[GIVEN MATERIAL]

====

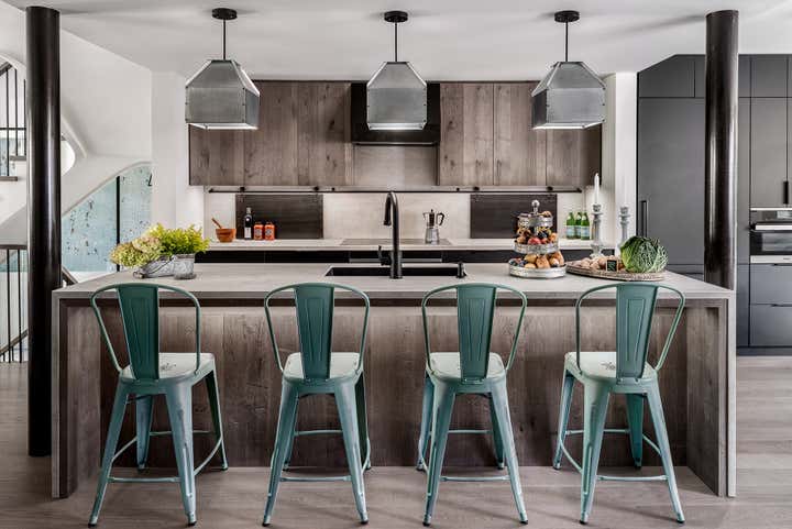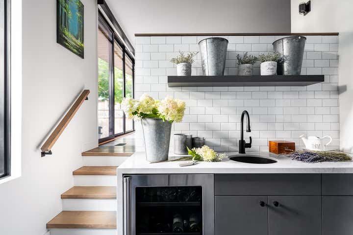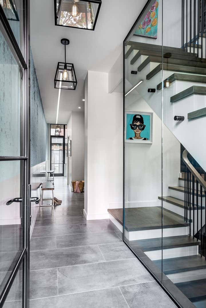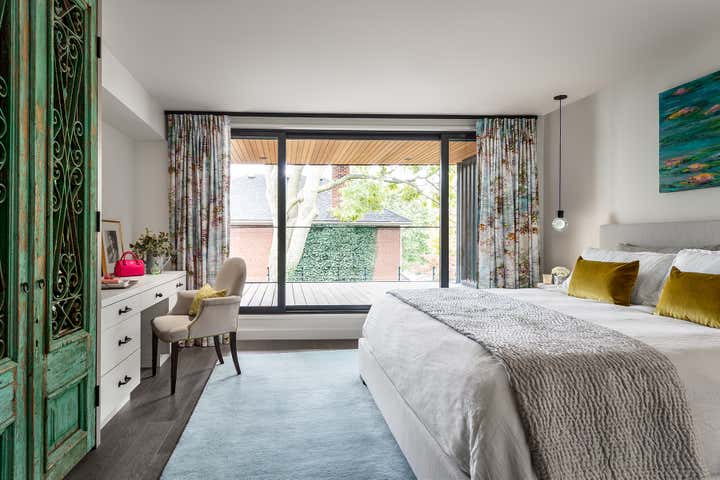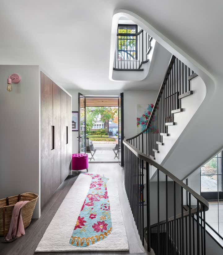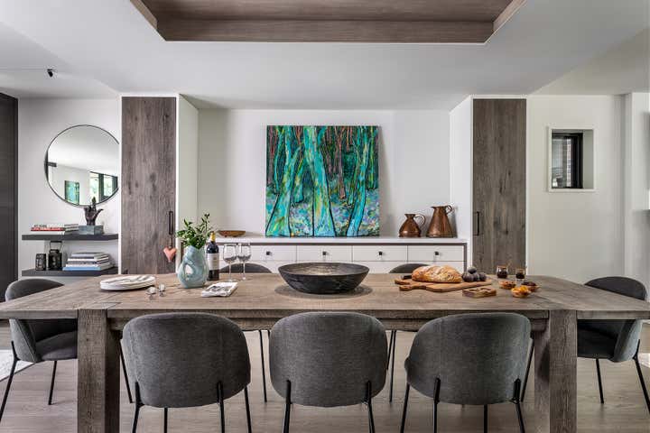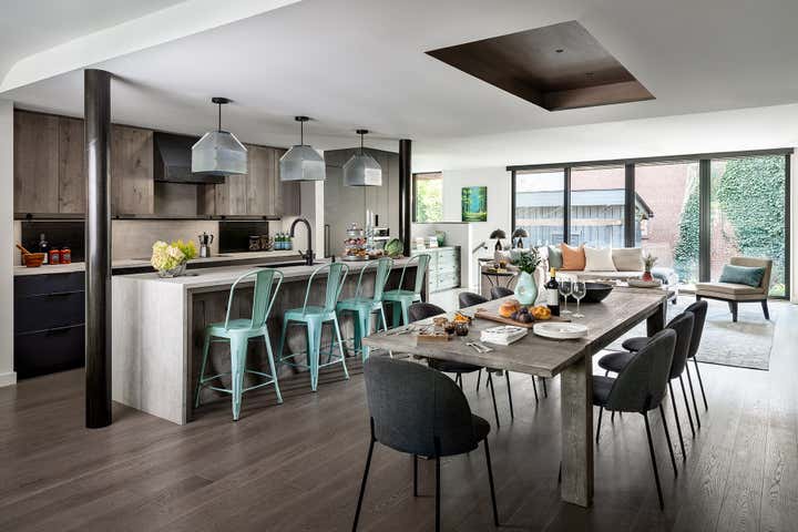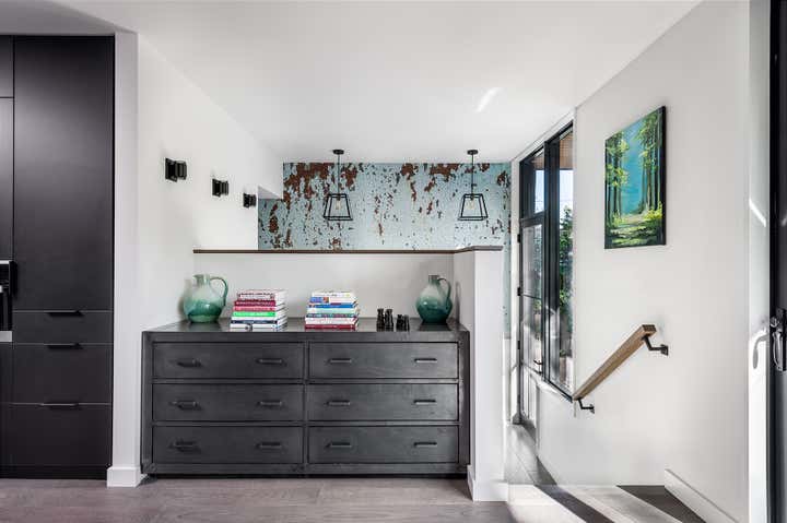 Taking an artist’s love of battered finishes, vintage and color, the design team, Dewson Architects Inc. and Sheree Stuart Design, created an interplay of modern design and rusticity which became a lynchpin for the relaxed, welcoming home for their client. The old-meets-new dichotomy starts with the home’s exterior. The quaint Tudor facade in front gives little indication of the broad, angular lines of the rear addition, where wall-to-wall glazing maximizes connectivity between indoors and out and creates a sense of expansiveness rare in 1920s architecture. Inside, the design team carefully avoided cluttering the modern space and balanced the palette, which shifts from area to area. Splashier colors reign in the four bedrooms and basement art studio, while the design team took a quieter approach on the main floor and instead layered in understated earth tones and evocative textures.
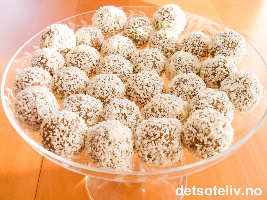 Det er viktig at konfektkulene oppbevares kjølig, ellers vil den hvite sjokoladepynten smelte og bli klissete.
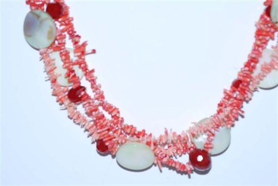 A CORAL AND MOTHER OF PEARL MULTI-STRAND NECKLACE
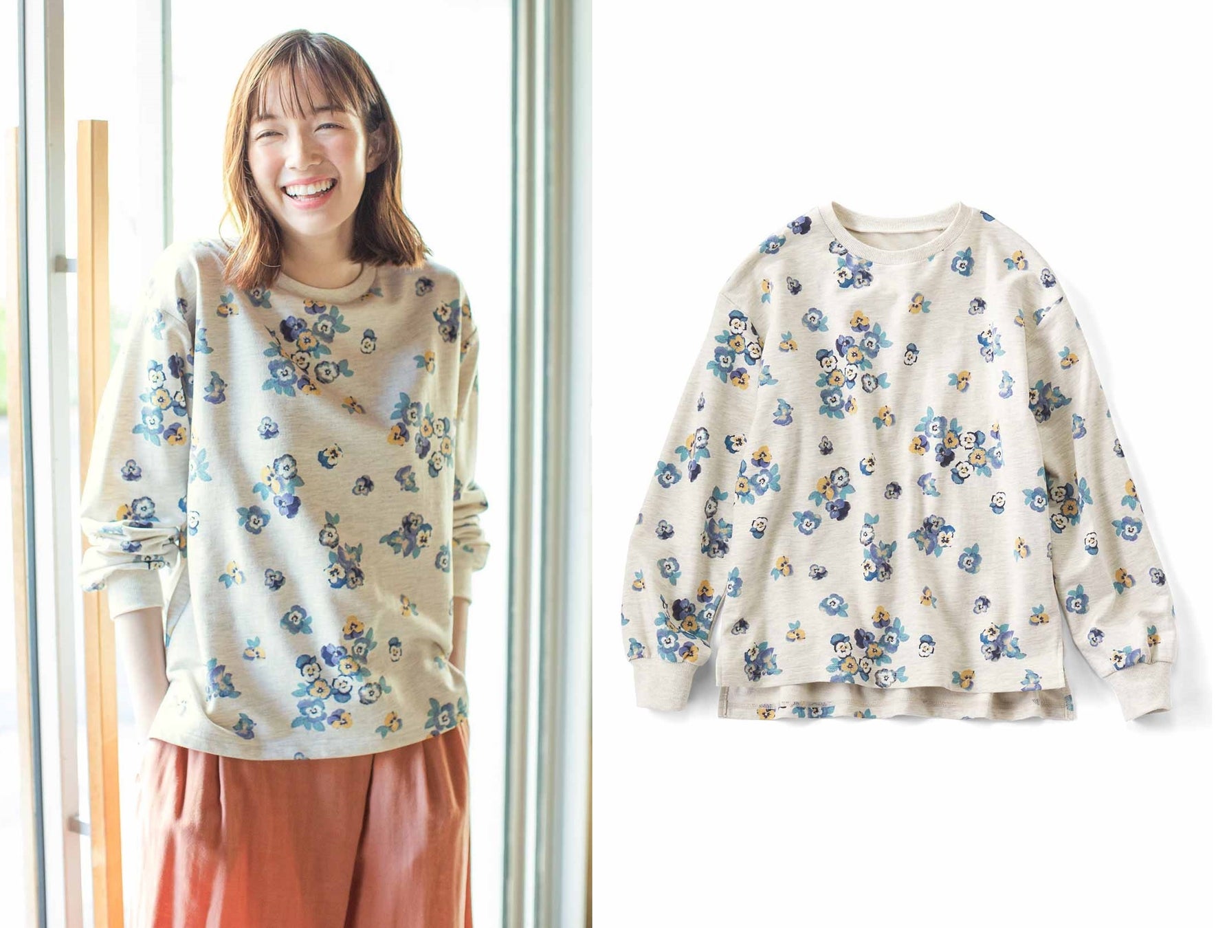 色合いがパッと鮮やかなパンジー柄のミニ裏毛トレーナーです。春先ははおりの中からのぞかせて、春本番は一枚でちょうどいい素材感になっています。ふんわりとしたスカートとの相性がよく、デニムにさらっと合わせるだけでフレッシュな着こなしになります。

====

[YOUR GOAL] Please set down the whole listing exactly, apart from the pictures.

[EXPECTED ANSWER]
 Taking an artist’s love of battered finishes, vintage and color, the design team, Dewson Architects Inc. and Sheree Stuart Design, created an interplay of modern design and rusticity which became a lynchpin for the relaxed, welcoming home for their client. The old-meets-new dichotomy starts with the home’s exterior. The quaint Tudor facade in front gives little indication of the broad, angular lines of the rear addition, where wall-to-wall glazing maximizes connectivity between indoors and out and creates a sense of expansiveness rare in 1920s architecture. Inside, the design team carefully avoided cluttering the modern space and balanced the palette, which shifts from area to area. Splashier colors reign in the four bedrooms and basement art studio, while the design team took a quieter approach on the main floor and instead layered in understated earth tones and evocative textures.
 Det er viktig at konfektkulene oppbevares kjølig, ellers vil den hvite sjokoladepynten smelte og bli klissete.
 A CORAL AND MOTHER OF PEARL MULTI-STRAND NECKLACE
 色合いがパッと鮮やかなパンジー柄のミニ裏毛トレーナーです。春先ははおりの中からのぞかせて、春本番は一枚でちょうどいい素材感になっています。ふんわりとしたスカートとの相性がよく、デニムにさらっと合わせるだけでフレッシュな着こなしになります。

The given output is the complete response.